Skip the images and print the listing exactly.

INFORMATION PROVIDED ::
-*-*-

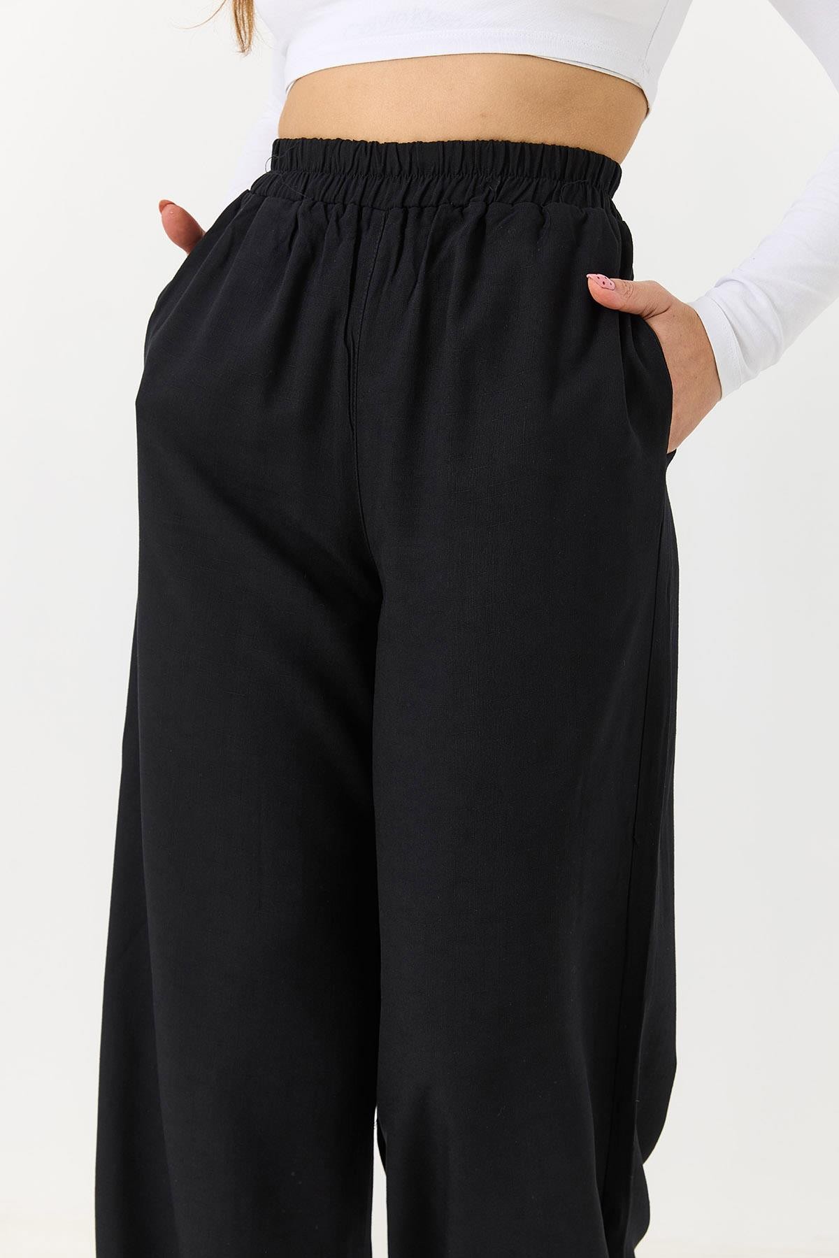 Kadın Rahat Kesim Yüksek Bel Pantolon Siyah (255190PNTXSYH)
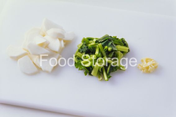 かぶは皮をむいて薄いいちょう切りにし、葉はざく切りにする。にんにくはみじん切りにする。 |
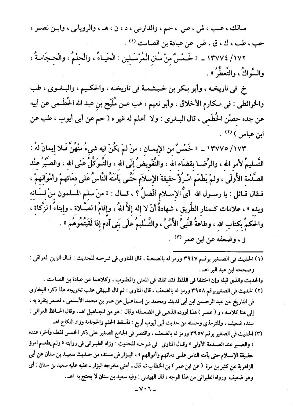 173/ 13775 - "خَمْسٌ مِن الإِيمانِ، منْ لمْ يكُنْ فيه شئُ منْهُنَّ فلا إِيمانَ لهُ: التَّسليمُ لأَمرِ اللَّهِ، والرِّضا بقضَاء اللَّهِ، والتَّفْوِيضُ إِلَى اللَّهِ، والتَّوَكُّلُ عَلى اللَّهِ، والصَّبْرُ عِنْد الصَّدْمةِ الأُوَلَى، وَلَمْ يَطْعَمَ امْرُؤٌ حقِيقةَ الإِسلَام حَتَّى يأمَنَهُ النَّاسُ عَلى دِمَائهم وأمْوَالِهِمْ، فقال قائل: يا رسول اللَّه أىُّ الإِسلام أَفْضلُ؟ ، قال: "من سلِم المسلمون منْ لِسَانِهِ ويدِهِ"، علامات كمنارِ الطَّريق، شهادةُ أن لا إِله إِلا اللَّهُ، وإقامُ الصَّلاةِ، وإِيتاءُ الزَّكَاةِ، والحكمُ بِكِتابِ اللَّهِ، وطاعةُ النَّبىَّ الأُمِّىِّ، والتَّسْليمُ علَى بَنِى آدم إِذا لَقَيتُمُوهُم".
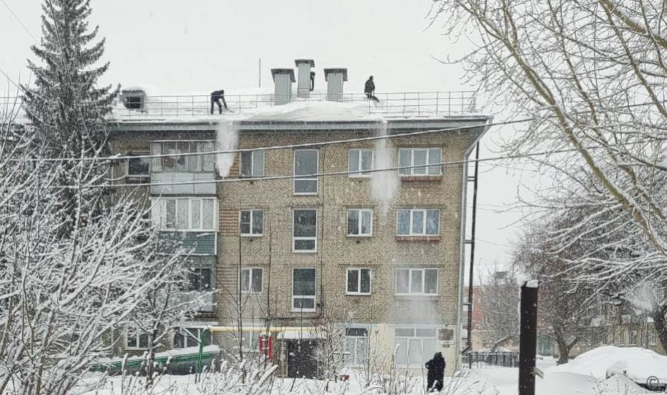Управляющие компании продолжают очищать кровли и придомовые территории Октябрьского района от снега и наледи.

-*-*-

RESPONSE BELOW ::
 Kadın Rahat Kesim Yüksek Bel Pantolon Siyah (255190PNTXSYH)
 かぶは皮をむいて薄いいちょう切りにし、葉はざく切りにする。にんにくはみじん切りにする。 |
 173/ 13775 - "خَمْسٌ مِن الإِيمانِ، منْ لمْ يكُنْ فيه شئُ منْهُنَّ فلا إِيمانَ لهُ: التَّسليمُ لأَمرِ اللَّهِ، والرِّضا بقضَاء اللَّهِ، والتَّفْوِيضُ إِلَى اللَّهِ، والتَّوَكُّلُ عَلى اللَّهِ، والصَّبْرُ عِنْد الصَّدْمةِ الأُوَلَى، وَلَمْ يَطْعَمَ امْرُؤٌ حقِيقةَ الإِسلَام حَتَّى يأمَنَهُ النَّاسُ عَلى دِمَائهم وأمْوَالِهِمْ، فقال قائل: يا رسول اللَّه أىُّ الإِسلام أَفْضلُ؟ ، قال: "من سلِم المسلمون منْ لِسَانِهِ ويدِهِ"، علامات كمنارِ الطَّريق، شهادةُ أن لا إِله إِلا اللَّهُ، وإقامُ الصَّلاةِ، وإِيتاءُ الزَّكَاةِ، والحكمُ بِكِتابِ اللَّهِ، وطاعةُ النَّبىَّ الأُمِّىِّ، والتَّسْليمُ علَى بَنِى آدم إِذا لَقَيتُمُوهُم".
Управляющие компании продолжают очищать кровли и придомовые территории Октябрьского района от снега и наледи.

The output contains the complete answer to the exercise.